Beyond Chemical Language: A Multimodal Approach to Enhance Molecular Property Prediction.
arXiv:2306.14919.
Seven IBM researchers posted in Rio de Janeiro, Brazil and San Jose, USA including Dmitry Zubarev first describe current approaches as this broad field of biomolecule parsings actively shifts to deep machine learning methods. See also Artificial Intelligence-aided Protein Engineering from Topological Data Analysis to Deep Protein Language Models at 2307.14587 for another instance. A number of technique proposals are then advanced going forward. Altogether such novel literacies add more evidence for an affine genetic and protein equivalence. Protein engineering is an emerging field in biotechnology that has the potential to revolutionize various areas, such as antibody design, drug discovery, food security, ecology, and more. However, the mutational space involved is too vast to be handled through experimental means alone.
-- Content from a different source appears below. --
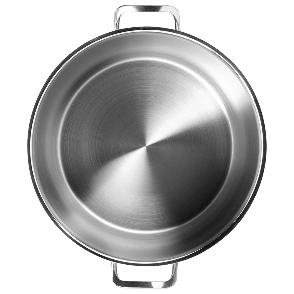 Wielowarstwowe dno akutermiczne doskonale akumuluje i równomiernie rozprowadza ciepło, co oszczędza energię i czas. Garnek jest odpowiedni do wszystkich typów kuchenek, w tym indukcyjnych. Dzięki dobrze wyprofilowanemu korpusowi łatwo się czyści i jest odpowiedni do zmywarki.

Leveraging accumulative protein databases, machine learning (ML) models, particularly those based on natural language processing (NLP), have considerably expedited protein engineering. Moreover, advances in topological data analysis (TDA) and artificial intelligence-based protein structure prediction, such as AlphaFold2, have made more powerful structure-based ML-assisted protein engineering strategies possible. This review aims to offer a comprehensive, systematic, and indispensable set of methodological components, including TDA and NLP, for protein engineering and to facilitate their future development. (Excerpt) Sondka, Zbyslaw, et al.. COSMIC: a curated database of somatic variants and clinical data for cancer.. Nucleic Acids Research. 52/D1, 2024. Wellcome Sanger Institute geneticists describe the latest four year version of their extensive, actively used informational resource for treating this malady.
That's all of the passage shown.